I’m one of those frustrated painters who took up a camera because I’m totally incapable of using a brush or pen to convey my vision. Sometimes I think that if I had spent as much time trying to learn how to use those tools as I have spent trying to learn the camera, perhaps that would not be so. Nonetheless, I find myself frequently trying to use my photographic images in ways that are different from the image that is straight out of the camera.
For instance, I have really enjoyed using encaustic techniques with one of my images as a background to convey a dreamy, surreal look.

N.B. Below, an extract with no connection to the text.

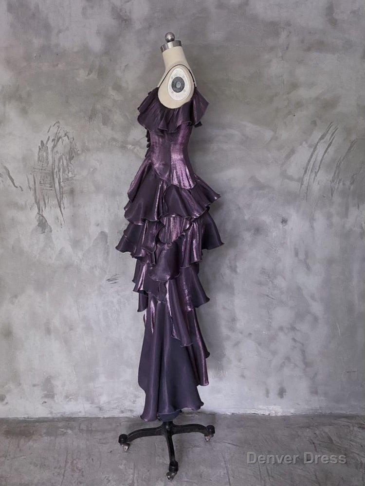 Dark Purple Asymmetrical Layered Flounce Spaghetti Strap Dress Evening Gown

And I frequently montage images together to get a different look,
Or I substitute skies into my image,
Or I combine painting and brush strokes.
But what I do, more than any other technique, is combine photographic elements with textures. I have huge numbers of textures—abstracts and blurs that I have made myself, environmental texture elements I have photographed, skies, old barns—you name it, I have a collection of it! In fact, I believe I have more images of textures than I do of anything else.
So, when I start working on one of my photographic images creatively, I find myself searching my Lightroom catalogue for all the texture images I have collected, choosing the ones that I think I might want to use with my photographic image, and open them up in Photoshop to start the imagination process. It’s a bit of a clunky process because I have to go back and forth between Photoshop and Lightroom multiple times, trying and discarding multiple images while searching for the look that I want. With each texture image I think I might use, I have to export from Lightroom to Photoshop, copy and paste the texture image into my image layer panel, convert it to a smart object, and then start blending it with my photograph. If I don’t like the effect, then I have to start all over with a new texture image.
So, at the risk of sounding as hyperbolic as Trump, I will say that the newest version of Lightroom CC which was offered in March of this year is one of the greatest updates I have ever seen in Lightroom since Abraham Lincoln. In fact, in all modesty, I will say that some people say, “Sir, it’s as great as Abraham Lincoln!”
What am I referring to? The ability to upload vast quantities of your own assets into the Photoshop libraries panel. These assets include character styles, colors, layer styles, smart objects, and jpg image files. The libraries panel has been available in Photoshop since 2014 and I have used it, sporadically, for 3D objects that I have created. I don’t know if Photoshop made jpg file types available to upload in creative cloud libraries with the March update or if I just became aware of it at that time. But the ability to upload jpg files means that I now have access to all my textures, skies, photographic objects, to all my adobe creative cloud products on both my desktop and my laptop computer, and to all my portable devices running Adobe mobile apps. It’s a game changer!
Adobe creative suite subscribers are given 100 gb of storage space in the cloud which is lots of storage space to hold huge numbers of texture files in your creative cloud libraries. Once you have uploaded these files and you are processing an image file in Photoshop, all you have to do is open the library panel and you will see thumbnails of all your texture files. Select one and drag it into the image window – Photoshop will bring over a copy of the file, convert it to a smart object, and you can begin your editing process. If you don’t like that texture file? Delete it and choose another one from the open Library panel in Photoshop. It’s as easy as drag and drop and untethers the creative process from the mechanics of your tools.
It’s very easy to import your jpg files into the library panel. Open it, create a folder (click the folder icon at the bottom of the panel), select the jpg files you wish to import into the library, copy them, then paste them into the folder you just created. And voila! now the files are stored in your personal creative cloud space and available to all your Adobe products.